As a writer one has the happy arrogance that people are interested in what one has to say.  As a new research student I am all too aware that even my close friends, one of whom is a mighty fine actor, can’t manage to maintain the facade of giving a shit about my project for more than half a pint.  Thus a new branch for this blog buds into life, it is an olive branch because I like olives, but it is also a strained bough – listen carefully, you can hear it cracking – overburdened with metaphor.  Kill your babies – most students of writing will hear that aphorism fairly early in the going – mine, I decided, to let fall from a tree.

Its screams on the way down are meaningless I am sure.

Of course you should also kill your parents and very probably your supervisor if you ever want to feel unselfconscious enough to write.  Now what to do with all those bodies?  Burn them? bury them? pulp them into the recycled paper you’ll print the finished novel on?  What nobody ever tells you, possibly because I have just decided this out of thin imagination, is that corpses make great fertilizer.  And so from the premature demise of a fictional baby which has no metaphoric meaning (implying what? that it is literally true?) I hope to grow a vast PhD vine, or series of vines, like a field full, or at least a row. How many are needed for a barrel? just a bottle?  The vines will be grossly genetically modified, obviously, experimented on – my right eyebrow is arched here implying something and making you feel like you should already be in on it – and produce terrible wine, but wine that will get me drunk enough to be fooled into inspiration.

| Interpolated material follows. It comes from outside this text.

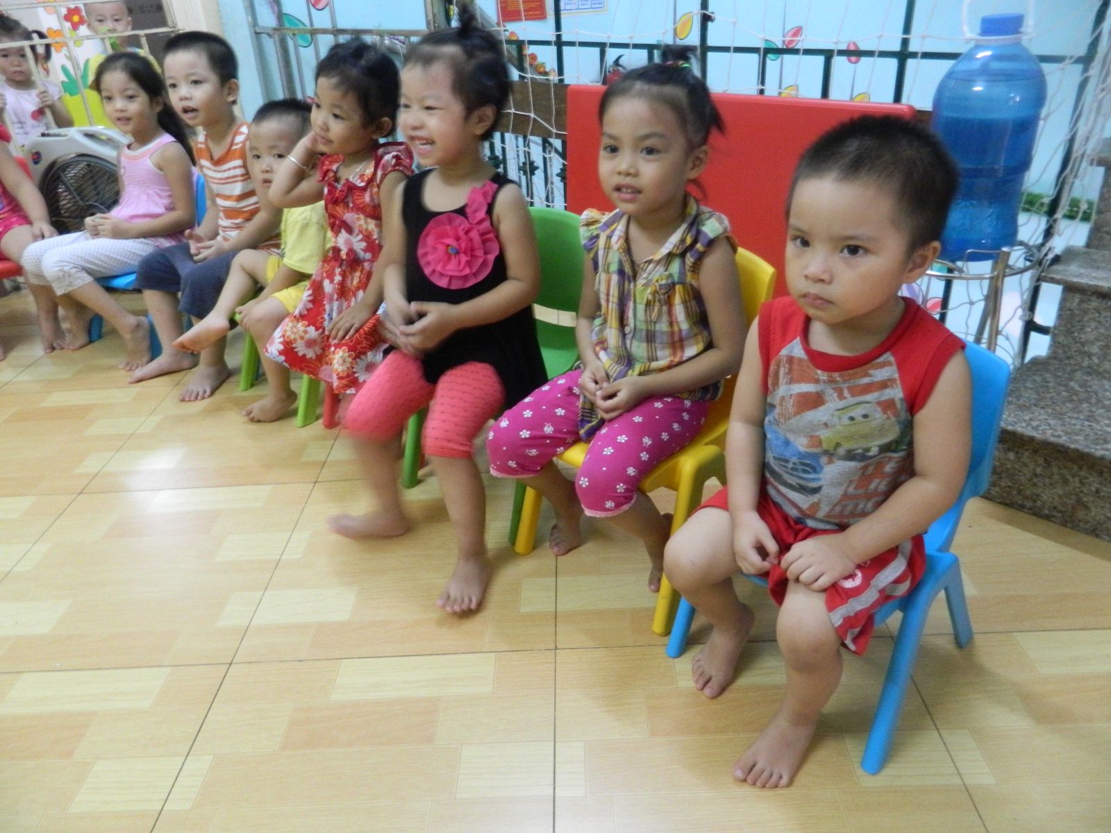 - Mỗi bé được trang bị riêng đồng phục sinh hoạt, giường ngủ, chăn, gối, khăn, cốc. Đồng phục sinh hoạt sạch sẽ, thoáng mát giúp bé thoải mái trong các hoạt động học tập và vui chơi.

And so merrily pissed up we (that is to say the royal urination) embark on this great something and ask you, dear imaginary reader, to please bare with us, because I’m not sure either at this point – it is only the beginning and there is still much decided, so stick with it won’t you? Please? I’ll buy you a pint.

Obviously I won’t actually buy you a pint.

Unless you’re a friend of mine and it’s your birthday.

Which it isn’t.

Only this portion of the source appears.